Presumptive Republican presidential nominee Donald Trump on Monday clarified his comments about the Orlando massacre, tweeting that only security guards or employees should have had access to weapons, not guests of the Pulse nightclub. 

 
{mosads}Trump repeatedly said over the past week that the outcome in Orlando, where 49 people were killed and 53 others were injured by a lone gunman, would have been different had more people in the club had guns.
 
“If people in that room had guns, with the bullets flying in the opposite direction right at him, right at his head, you wouldn’t have had the same tragedy that you ended up having,” Trump told CNN last week.
“[I]f you had guns in that room, even if you had a number of people having it strapped to your ankle or strapped to their waist, where bullets could have flown in the other direction right at him, you wouldn’t have had the same kind of a tragedy,” he said. 
 
Trump also said at a rally in Texas on Friday that he wished someone had taken down the armed gunman.

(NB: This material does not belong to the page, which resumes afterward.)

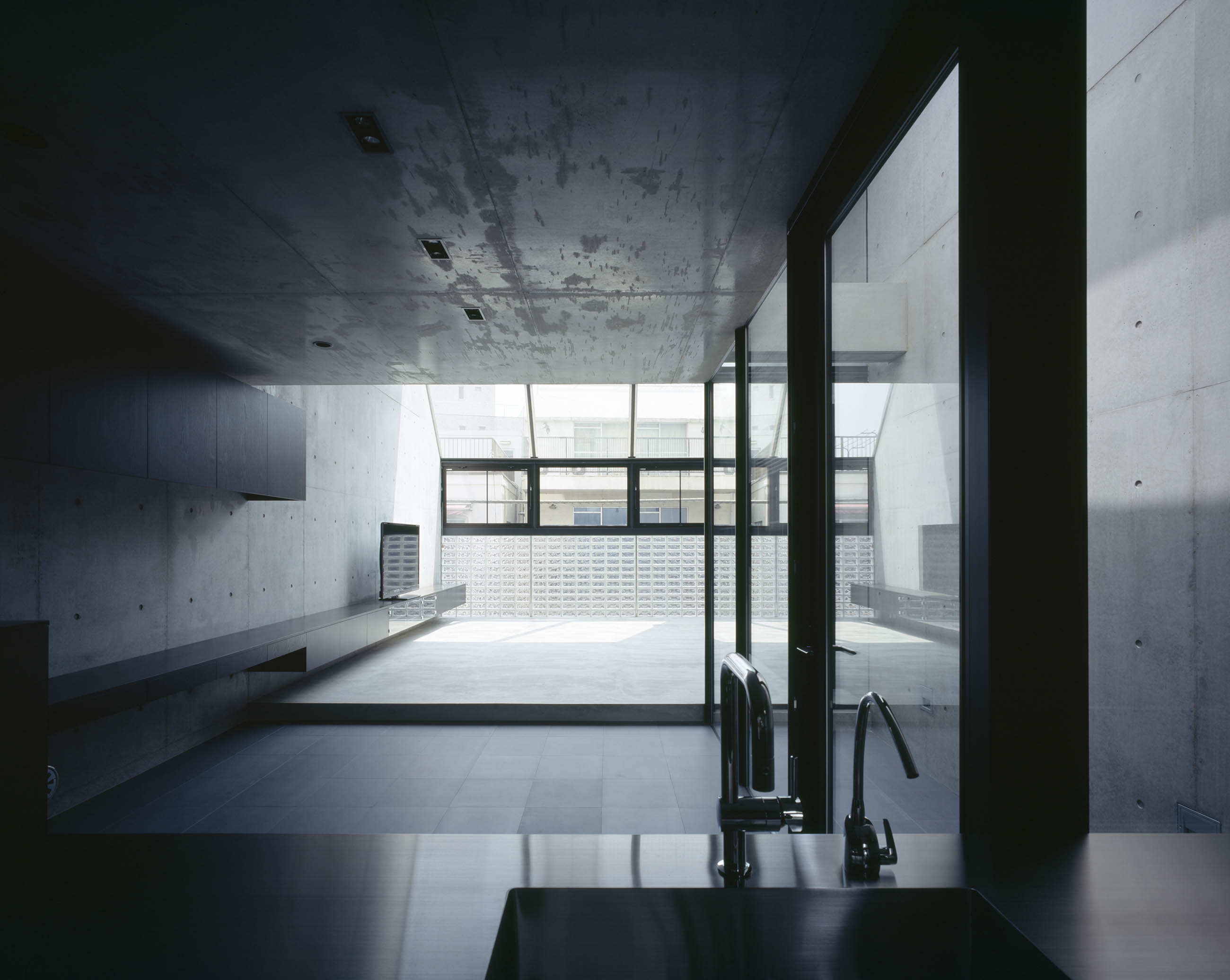 敷地は商店街に面する商業地域で、今でも古い商店や工場が立ち並ぶ新旧が混在するエリアの一角です。中層ビルやマンションに囲まれた敷地は十分な採光や換気が期待できず、借景もさほど望めません。それゆえ、外的要因に影響されることなく、いかに建築内部に光を取り込み、空に対して空間を開放できるかが課題になりました。

“If we had people with the bullets going in the opposite direction — right smack between the eyes of this maniac,” Trump said, pointing to his forehead. “If some of those wonderful people had guns strapped right here, right to their waist or right to their ankle, and this son of a bitch comes out and starts shooting, and one of the people in that room happened to have it and goes boom, boom, you know what? That would have been a beautiful, beautiful sight, folks. That would have been a beautiful, beautiful sight.” 

Those previous comments were widely reported as support from Trump for armed clubgoers. 

Trump’s latest tweet came a day after the National Rifle Association’s (NRA) top lobbyist and political strategist said on Sunday that he didn’t want to see armed people drinking at clubs.
 
“No one thinks that people should go into a nightclub drinking and carrying firearms. That defies common sense. It also defies the law. It’s not what we’re talking about here,” Chris Cox, executive director of the NRA Institute for Legislative Action, said on ABC’s “This Week.”